*** EXERCISE INPUTS ***

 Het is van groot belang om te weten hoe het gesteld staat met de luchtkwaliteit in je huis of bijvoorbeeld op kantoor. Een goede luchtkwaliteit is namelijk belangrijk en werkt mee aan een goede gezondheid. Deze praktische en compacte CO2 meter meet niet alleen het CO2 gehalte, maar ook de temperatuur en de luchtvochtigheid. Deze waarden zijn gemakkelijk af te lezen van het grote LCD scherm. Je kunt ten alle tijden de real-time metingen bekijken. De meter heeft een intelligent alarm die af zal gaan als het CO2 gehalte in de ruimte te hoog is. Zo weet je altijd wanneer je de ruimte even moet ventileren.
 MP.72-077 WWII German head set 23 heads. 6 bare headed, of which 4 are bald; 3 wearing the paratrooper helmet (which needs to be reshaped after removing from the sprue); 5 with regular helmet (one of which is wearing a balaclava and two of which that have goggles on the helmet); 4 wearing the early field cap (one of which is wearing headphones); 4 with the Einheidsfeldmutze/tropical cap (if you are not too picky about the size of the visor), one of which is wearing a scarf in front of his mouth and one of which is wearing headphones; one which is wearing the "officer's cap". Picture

*** End of EXERCISE INPUTS ***
*** EXERCISE INPUTS ***

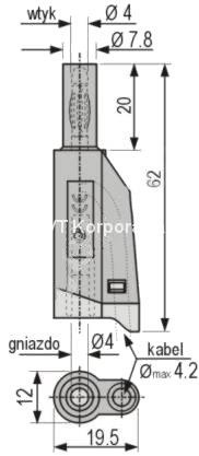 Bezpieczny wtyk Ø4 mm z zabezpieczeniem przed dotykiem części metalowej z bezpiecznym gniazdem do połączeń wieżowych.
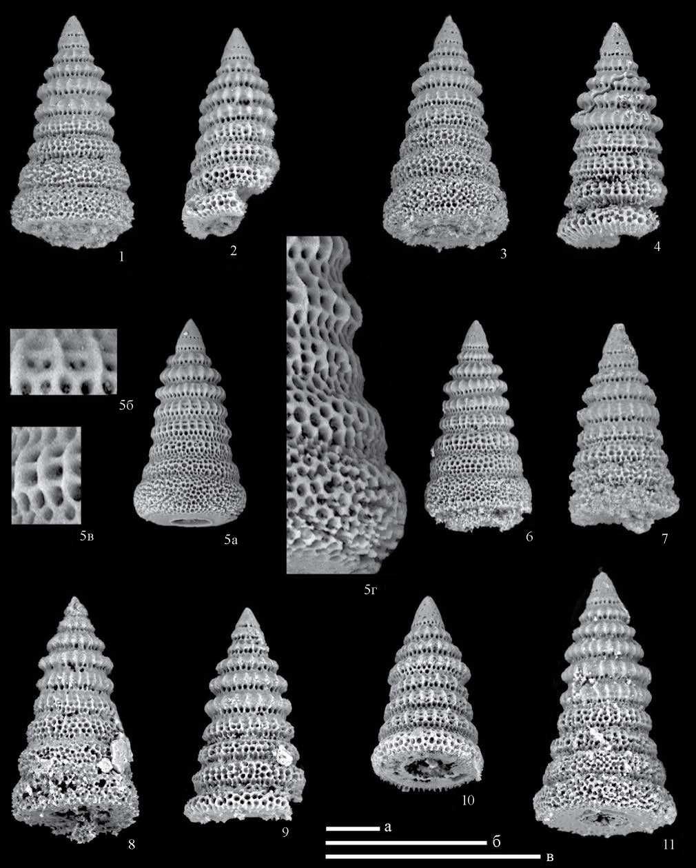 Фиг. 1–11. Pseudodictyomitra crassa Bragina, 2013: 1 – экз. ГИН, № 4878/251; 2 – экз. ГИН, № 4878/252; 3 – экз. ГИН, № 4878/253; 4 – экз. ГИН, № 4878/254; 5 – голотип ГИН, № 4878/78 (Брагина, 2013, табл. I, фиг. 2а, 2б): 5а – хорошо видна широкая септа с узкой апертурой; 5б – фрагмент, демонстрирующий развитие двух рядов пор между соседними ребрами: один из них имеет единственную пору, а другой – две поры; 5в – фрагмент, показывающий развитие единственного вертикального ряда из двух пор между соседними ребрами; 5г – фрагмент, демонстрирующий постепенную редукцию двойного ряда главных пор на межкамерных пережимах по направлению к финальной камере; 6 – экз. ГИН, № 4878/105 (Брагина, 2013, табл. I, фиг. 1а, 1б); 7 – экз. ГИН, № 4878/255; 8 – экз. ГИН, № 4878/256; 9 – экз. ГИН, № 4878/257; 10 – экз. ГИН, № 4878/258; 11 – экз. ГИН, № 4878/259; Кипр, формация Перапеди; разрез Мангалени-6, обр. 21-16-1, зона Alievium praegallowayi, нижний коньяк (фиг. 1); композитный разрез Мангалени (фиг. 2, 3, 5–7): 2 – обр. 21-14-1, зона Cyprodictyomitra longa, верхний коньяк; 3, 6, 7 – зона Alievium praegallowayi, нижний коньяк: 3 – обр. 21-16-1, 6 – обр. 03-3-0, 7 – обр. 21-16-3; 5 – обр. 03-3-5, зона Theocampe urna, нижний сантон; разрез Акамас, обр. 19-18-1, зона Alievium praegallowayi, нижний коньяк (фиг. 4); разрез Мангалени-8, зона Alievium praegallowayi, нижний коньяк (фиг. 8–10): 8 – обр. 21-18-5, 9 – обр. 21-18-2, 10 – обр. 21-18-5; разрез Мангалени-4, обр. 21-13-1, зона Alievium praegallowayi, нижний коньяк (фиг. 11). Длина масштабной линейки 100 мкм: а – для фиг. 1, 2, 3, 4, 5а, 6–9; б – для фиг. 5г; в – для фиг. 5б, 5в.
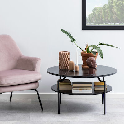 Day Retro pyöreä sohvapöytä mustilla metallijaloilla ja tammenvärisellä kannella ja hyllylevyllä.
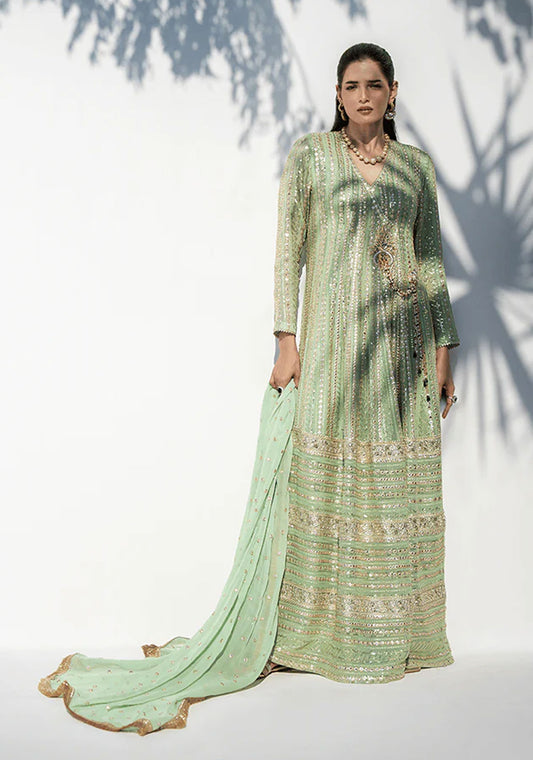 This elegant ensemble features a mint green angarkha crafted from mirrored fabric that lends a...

*** End of EXERCISE INPUTS ***
*** EXERCISE INPUTS ***

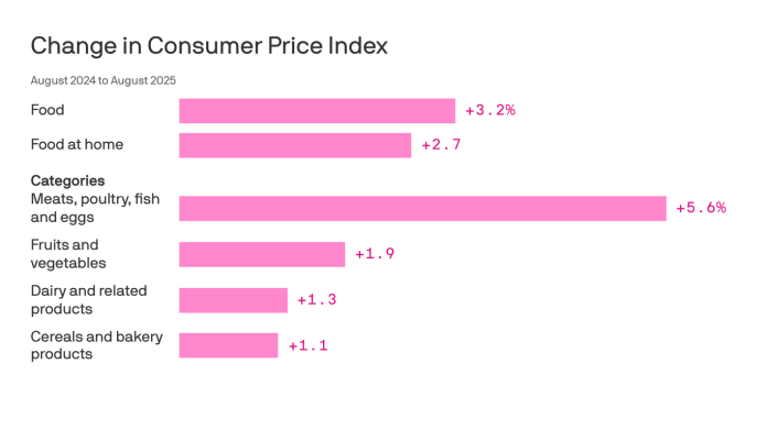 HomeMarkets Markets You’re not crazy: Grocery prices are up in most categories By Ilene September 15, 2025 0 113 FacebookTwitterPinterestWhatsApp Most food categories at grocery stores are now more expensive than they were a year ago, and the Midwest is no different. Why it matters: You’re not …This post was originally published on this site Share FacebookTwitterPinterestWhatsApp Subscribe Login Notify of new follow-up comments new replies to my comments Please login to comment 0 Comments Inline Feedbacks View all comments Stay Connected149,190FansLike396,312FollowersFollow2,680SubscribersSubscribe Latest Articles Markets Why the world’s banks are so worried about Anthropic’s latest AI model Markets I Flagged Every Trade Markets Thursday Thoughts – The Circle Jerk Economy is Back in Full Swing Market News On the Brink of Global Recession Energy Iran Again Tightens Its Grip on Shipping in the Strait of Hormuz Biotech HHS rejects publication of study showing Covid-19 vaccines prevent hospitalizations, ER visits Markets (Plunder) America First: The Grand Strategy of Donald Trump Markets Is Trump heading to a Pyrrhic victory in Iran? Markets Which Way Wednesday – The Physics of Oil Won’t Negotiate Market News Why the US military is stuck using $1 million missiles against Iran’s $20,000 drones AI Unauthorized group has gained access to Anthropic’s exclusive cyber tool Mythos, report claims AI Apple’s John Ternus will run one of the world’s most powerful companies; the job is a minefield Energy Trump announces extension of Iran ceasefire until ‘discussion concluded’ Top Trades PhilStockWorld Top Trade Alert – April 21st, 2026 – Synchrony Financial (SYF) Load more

*** End of EXERCISE INPUTS ***

__YOUR OBJECTIVE__
Looking at the data above, write out exactly the lines that start at the one containing "Het is van groot" and end at the one containing "MP.72-077 WWII German"; include both and nothing beyond.

__RESPONSE BELOW__
 Het is van groot belang om te weten hoe het gesteld staat met de luchtkwaliteit in je huis of bijvoorbeeld op kantoor. Een goede luchtkwaliteit is namelijk belangrijk en werkt mee aan een goede gezondheid. Deze praktische en compacte CO2 meter meet niet alleen het CO2 gehalte, maar ook de temperatuur en de luchtvochtigheid. Deze waarden zijn gemakkelijk af te lezen van het grote LCD scherm. Je kunt ten alle tijden de real-time metingen bekijken. De meter heeft een intelligent alarm die af zal gaan als het CO2 gehalte in de ruimte te hoog is. Zo weet je altijd wanneer je de ruimte even moet ventileren.
 MP.72-077 WWII German head set 23 heads. 6 bare headed, of which 4 are bald; 3 wearing the paratrooper helmet (which needs to be reshaped after removing from the sprue); 5 with regular helmet (one of which is wearing a balaclava and two of which that have goggles on the helmet); 4 wearing the early field cap (one of which is wearing headphones); 4 with the Einheidsfeldmutze/tropical cap (if you are not too picky about the size of the visor), one of which is wearing a scarf in front of his mouth and one of which is wearing headphones; one which is wearing the "officer's cap". Picture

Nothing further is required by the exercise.